From Security to ‘Abusability’ Education
Stamos’ Internet Observatory idea came into being when he met Craig Newmark at an Aspen Cybersecurity Summit reception last summer. Newmark, who has given more than $100 million to projects focused on what he describes as “information warfare,” says he was impressed with the approach Stamos described. “This is real World War II, greatest generation stuff. The need is dire, the emergency is real,” Newmark says. “People have to stand up and be patriots. That means platforms, and researchers and funders. Alex and people like him are on the front lines.”

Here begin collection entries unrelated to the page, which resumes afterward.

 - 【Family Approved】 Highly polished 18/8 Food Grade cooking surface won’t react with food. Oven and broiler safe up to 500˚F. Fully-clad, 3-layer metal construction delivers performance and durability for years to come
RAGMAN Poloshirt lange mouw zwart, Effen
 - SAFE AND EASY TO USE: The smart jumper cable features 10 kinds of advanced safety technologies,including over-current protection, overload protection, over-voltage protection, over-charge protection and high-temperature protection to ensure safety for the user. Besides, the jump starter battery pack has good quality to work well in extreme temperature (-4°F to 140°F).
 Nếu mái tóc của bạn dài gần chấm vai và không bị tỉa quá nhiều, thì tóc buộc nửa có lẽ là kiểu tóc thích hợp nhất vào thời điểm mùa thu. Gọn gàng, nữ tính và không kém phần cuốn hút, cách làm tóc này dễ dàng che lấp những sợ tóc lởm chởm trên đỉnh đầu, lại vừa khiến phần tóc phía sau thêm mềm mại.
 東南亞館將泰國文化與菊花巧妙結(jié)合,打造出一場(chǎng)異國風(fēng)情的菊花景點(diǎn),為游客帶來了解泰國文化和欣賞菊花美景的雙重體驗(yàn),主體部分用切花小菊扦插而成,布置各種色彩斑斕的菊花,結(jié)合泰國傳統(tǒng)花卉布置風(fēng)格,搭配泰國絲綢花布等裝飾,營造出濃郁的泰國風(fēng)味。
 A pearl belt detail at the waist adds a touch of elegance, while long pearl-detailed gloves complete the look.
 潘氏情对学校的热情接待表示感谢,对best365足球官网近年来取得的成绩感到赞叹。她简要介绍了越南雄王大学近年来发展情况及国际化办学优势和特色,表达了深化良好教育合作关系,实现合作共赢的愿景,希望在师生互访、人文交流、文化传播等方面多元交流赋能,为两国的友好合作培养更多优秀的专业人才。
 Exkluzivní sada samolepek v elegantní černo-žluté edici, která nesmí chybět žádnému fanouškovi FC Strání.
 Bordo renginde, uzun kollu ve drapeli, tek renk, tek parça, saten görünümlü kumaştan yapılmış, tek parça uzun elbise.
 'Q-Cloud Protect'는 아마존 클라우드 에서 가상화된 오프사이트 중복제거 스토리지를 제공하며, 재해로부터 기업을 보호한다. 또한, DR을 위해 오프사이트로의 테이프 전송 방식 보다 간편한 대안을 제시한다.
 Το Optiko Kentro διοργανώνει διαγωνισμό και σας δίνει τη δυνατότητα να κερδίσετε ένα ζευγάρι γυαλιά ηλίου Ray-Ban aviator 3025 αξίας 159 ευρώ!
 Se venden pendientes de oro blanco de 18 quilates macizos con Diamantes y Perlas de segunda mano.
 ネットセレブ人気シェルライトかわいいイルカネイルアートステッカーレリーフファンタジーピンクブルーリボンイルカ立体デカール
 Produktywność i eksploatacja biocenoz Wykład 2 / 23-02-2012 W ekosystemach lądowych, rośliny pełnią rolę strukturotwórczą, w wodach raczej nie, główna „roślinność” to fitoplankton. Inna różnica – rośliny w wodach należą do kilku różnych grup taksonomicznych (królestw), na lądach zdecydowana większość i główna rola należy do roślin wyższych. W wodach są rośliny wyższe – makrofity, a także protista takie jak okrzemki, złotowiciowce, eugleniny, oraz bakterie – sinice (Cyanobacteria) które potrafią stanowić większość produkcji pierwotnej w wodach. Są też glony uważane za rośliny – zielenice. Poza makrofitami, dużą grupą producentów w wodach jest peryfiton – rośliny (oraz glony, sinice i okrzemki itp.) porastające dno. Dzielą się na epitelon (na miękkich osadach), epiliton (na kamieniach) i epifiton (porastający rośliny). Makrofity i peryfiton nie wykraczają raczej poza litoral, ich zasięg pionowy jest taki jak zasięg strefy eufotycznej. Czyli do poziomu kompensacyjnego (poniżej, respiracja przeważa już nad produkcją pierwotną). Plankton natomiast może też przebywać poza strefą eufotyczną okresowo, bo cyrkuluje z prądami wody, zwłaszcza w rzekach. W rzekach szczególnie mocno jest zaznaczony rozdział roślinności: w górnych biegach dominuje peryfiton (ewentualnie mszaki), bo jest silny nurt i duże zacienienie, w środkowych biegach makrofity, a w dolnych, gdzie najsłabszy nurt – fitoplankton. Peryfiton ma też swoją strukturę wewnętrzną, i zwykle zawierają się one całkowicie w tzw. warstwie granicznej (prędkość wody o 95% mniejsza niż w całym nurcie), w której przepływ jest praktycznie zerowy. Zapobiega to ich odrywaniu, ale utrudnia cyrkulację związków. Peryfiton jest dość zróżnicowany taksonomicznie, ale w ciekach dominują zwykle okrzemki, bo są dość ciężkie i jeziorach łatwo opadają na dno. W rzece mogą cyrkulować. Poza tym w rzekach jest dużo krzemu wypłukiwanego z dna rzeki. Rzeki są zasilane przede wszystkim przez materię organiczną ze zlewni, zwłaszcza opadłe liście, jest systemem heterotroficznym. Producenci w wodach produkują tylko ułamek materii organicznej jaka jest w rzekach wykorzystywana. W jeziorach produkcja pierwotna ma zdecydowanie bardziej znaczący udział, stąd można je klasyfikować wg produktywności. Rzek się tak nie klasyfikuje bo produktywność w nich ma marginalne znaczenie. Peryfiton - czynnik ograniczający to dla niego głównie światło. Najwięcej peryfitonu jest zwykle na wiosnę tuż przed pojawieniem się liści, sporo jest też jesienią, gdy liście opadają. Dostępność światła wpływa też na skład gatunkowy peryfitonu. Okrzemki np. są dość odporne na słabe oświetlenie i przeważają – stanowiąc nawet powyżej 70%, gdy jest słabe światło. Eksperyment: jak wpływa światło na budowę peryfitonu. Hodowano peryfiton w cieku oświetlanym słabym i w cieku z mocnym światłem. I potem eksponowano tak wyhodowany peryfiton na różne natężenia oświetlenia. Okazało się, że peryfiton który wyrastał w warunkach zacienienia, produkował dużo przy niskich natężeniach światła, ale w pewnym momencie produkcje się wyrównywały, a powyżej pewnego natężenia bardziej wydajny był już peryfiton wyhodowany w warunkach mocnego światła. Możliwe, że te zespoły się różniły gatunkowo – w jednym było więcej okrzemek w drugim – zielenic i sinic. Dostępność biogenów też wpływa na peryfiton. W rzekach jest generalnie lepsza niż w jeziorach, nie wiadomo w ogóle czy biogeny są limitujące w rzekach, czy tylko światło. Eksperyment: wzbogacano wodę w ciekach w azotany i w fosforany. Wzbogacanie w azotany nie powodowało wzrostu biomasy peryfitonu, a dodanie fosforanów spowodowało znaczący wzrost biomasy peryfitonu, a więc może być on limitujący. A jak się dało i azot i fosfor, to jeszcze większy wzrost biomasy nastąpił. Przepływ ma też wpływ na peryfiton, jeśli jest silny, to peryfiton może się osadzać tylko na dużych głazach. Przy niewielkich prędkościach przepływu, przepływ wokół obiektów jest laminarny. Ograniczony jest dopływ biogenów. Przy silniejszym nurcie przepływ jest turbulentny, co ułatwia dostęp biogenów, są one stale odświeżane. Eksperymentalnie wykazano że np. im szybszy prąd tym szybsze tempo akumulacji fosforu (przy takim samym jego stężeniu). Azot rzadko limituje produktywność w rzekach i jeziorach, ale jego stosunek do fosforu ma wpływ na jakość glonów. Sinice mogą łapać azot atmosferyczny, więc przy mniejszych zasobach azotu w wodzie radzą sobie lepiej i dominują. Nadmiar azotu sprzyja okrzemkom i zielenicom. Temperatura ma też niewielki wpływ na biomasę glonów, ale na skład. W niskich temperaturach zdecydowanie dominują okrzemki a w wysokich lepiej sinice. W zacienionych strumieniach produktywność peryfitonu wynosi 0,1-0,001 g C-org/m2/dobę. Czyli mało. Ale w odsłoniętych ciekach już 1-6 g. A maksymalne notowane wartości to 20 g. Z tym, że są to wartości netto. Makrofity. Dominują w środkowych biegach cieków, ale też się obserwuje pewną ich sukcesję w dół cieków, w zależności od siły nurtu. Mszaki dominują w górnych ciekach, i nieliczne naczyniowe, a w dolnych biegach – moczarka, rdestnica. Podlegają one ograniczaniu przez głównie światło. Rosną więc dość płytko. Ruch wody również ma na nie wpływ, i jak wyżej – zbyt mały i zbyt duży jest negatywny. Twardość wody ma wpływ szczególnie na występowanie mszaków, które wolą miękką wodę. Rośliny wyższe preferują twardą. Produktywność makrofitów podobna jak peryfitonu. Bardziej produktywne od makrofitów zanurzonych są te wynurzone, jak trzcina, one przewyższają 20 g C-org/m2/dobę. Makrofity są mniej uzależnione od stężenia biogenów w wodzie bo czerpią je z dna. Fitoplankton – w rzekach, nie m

More broadly, Stamos says his goal with the observatory—and his plans for a Stanford undergraduate education program linked to it—is to push for more systematic thinking about abuse across tech firms, a shift he describes as similar to the cybersecurity evolution the tech industry underwent 20 years ago. Back then, when Stamos was beginning his career at the legendary cybersecurity consultancy @stake, companies were just waking up to the insecurity of their code, and learning to cooperate with the academic researchers and white hat hackers poking holes in their products.
“We’re now in that same place with bigger trust, safety and privacy issues, in that our industry doesn’t know how to build software that can be trusted by users to operate in their best interest and protect them from all these kinds of abuse,” Stamos says. He argues a new generation of engineers needs to learn to think just as systematically about abusability as they do about security—how their tools can have unexpected and dangerous effects in the real world. “If you just have the skillset you normally get from a computer science education, you’re complete unprepared for the kinds of abuse that will happen on your product.”
Through a combination of education, research, and lobbying, Stamos hopes his observatory can nudge the tech industry towards taking those abusability problems seriously—and show them real solutions based on deep analysis across the entire internet’s data. “If we want companies to make smart decisions, we have to create the intellectual framework for them to base it on, and we have to lobby them as well,” Stamos says. “The unfortunate truth is that the most important decisions in balancing privacy and safety online are not being made in DC, Brussels, or Paris. They’re being made in Silicon Valley.”